I am currently tearing down a Toro S200 with a Tecumseh AH520 1585 two stroke. It is not an electric start. The Model/Serial tag is gone. Is there anything I should pay attention to/look out for?


----------



## HDNewf (Nov 23, 2010)

Hey stlcardinalfan.

Other than the normal wear and tear that applies to any machine, I would check the condition of the engine seals and clean all gum and residue out of the carb.

Here is a link to the Tecumseh Quick Reference guide for your engine:

http://www.smallenginesuppliers.com/html/engine-specs/tecumseh/Tecumseh_quick_reference.pdf 

It contains torque specs, troubleshooting information and carb diagrams.

I hope this helps,
HDNewf


----------



## bwdbrn1 (Nov 24, 2010)

Those old S200s never really seem to die! The carb is usually the most troublesome, but rebuild kits for them are inexpensive. Fresh gas, and a new plug can't hurt either. 

Other than that, maybe a new belt, scrapper bar and paddles and it should be good to go.

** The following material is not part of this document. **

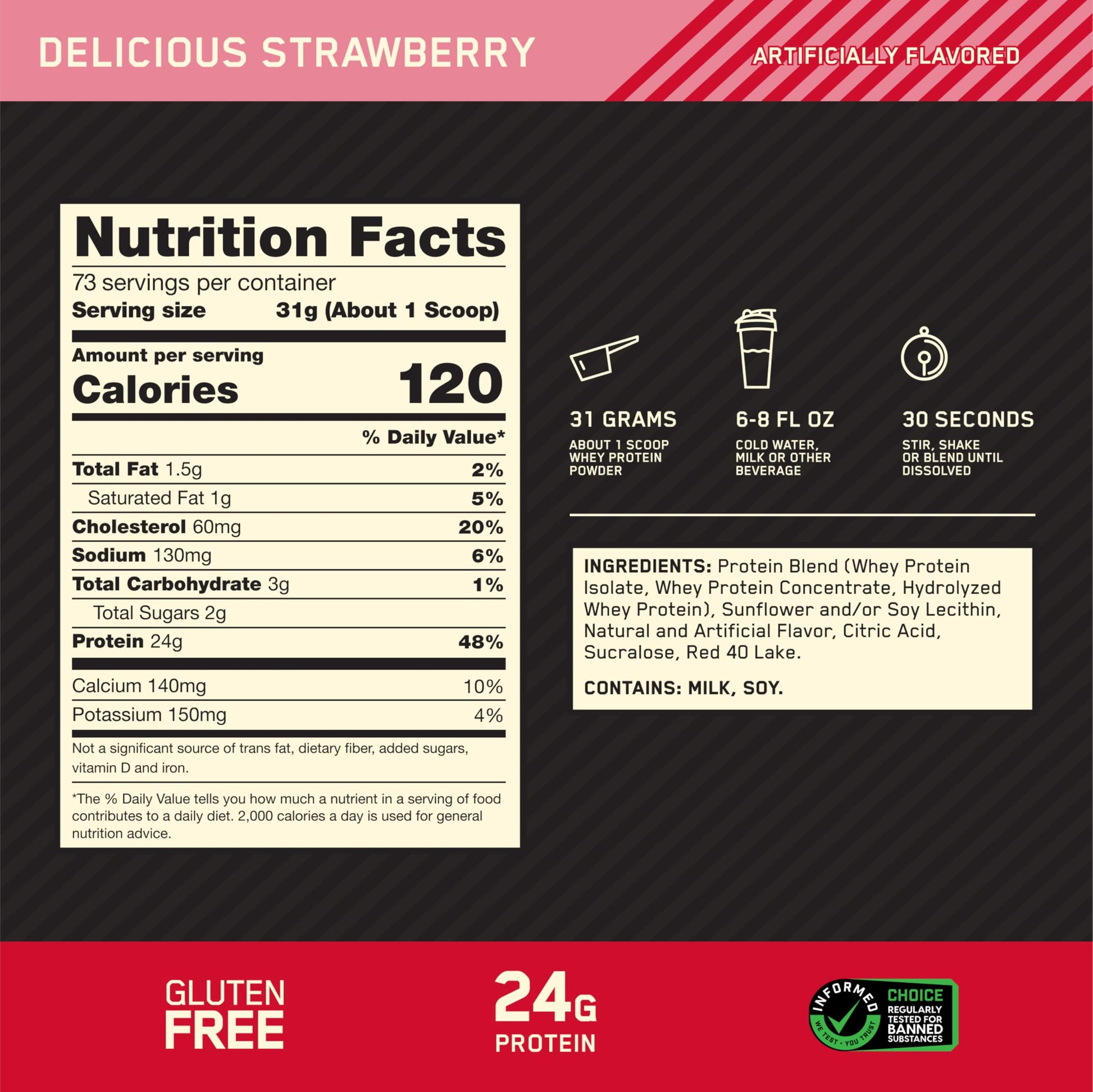 OPTIMUM NUTRITION'S GOLD STANDARD 100% Whey uses pure Whey Protein Isolates as the primary ingredient. Combined with ultra-filtered whey protein concentrate, each serving provides 24 grams of all-whey protein and 5.5 grams of naturally occurring Branched Chain Amino Acids (BCAAs) which are prized by athletes for their muscle building qualities. With more than 20 tempting flavors to choose from, ON GOLD STANDARD 100% Whey gives you plenty of ways to keep workout recovery interesting.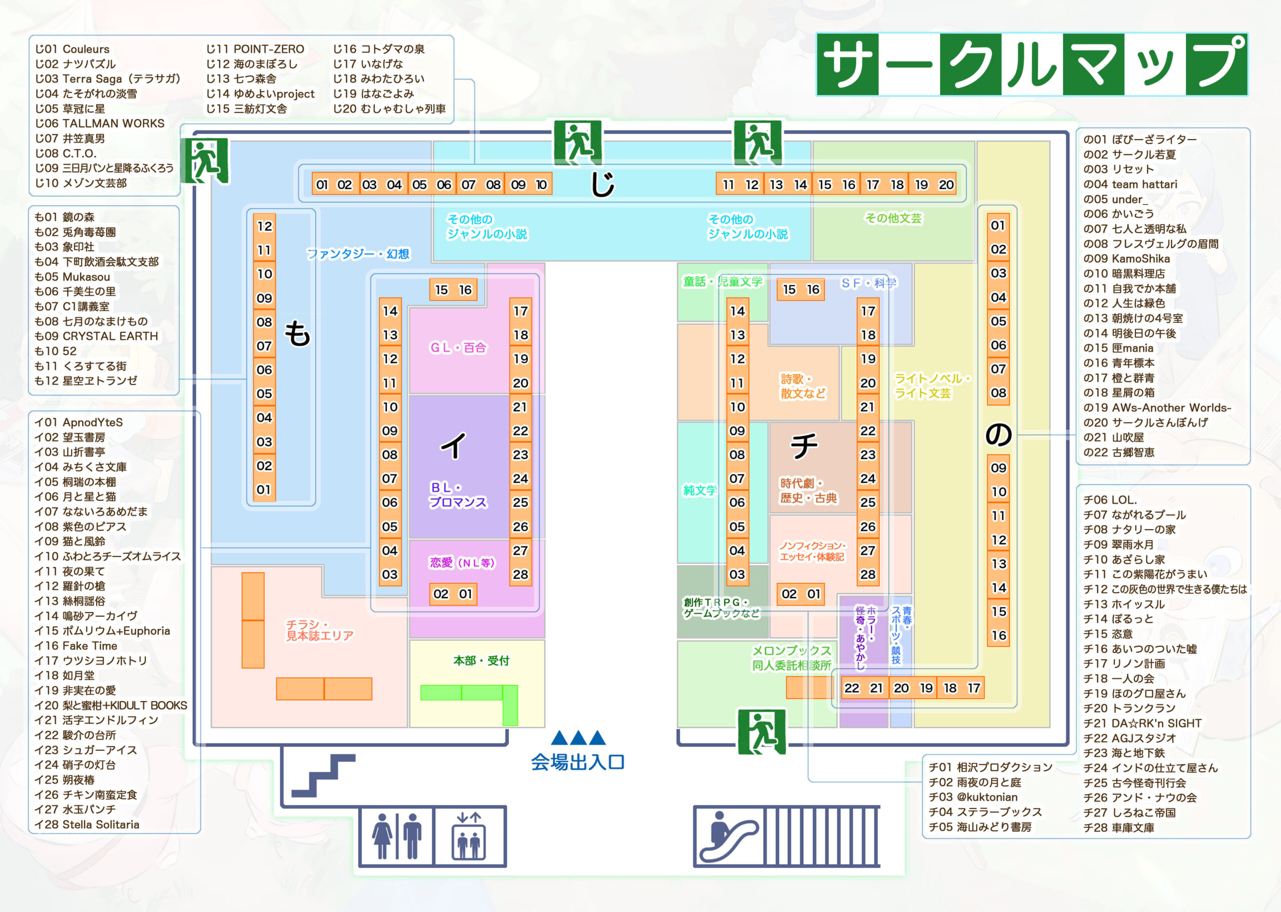 イベント会場配布のサークルカタログはこちら!(解像度を落としています) ・PDF版検索が可能なGoogleスプレッドシート版はこちら! ・Googleスプレッドシート版会場マップはこちら!(マップ画像データはサークルPR等にご自由にお使い下さい)XBlueskyHatenaCopy

Looks like a great manual there HDNewf. Thanks


----------



## Flannelman (Sep 24, 2011)

Watch out for the governor spring that hooks on a eye on the handle. They love to fly off into neverland. The belt tensioner spring likes to eat into the bracket. Otherwise they are very straight forward to work on. Part are all still available and ebay works well for larger parts. If you have any questions I've fixed up more than a couple of these so I may have an answer for you.


----------



## stlcardinalfan (Nov 18, 2011)

OK I pretty much figured all of that. I guess I am good to start on the rebuild then.


----------



## stlcardinalfan (Nov 18, 2011)

Good eye on the governor spring Flannelman! It was missing on my snowblower. I got one on ebay and put it on.


----------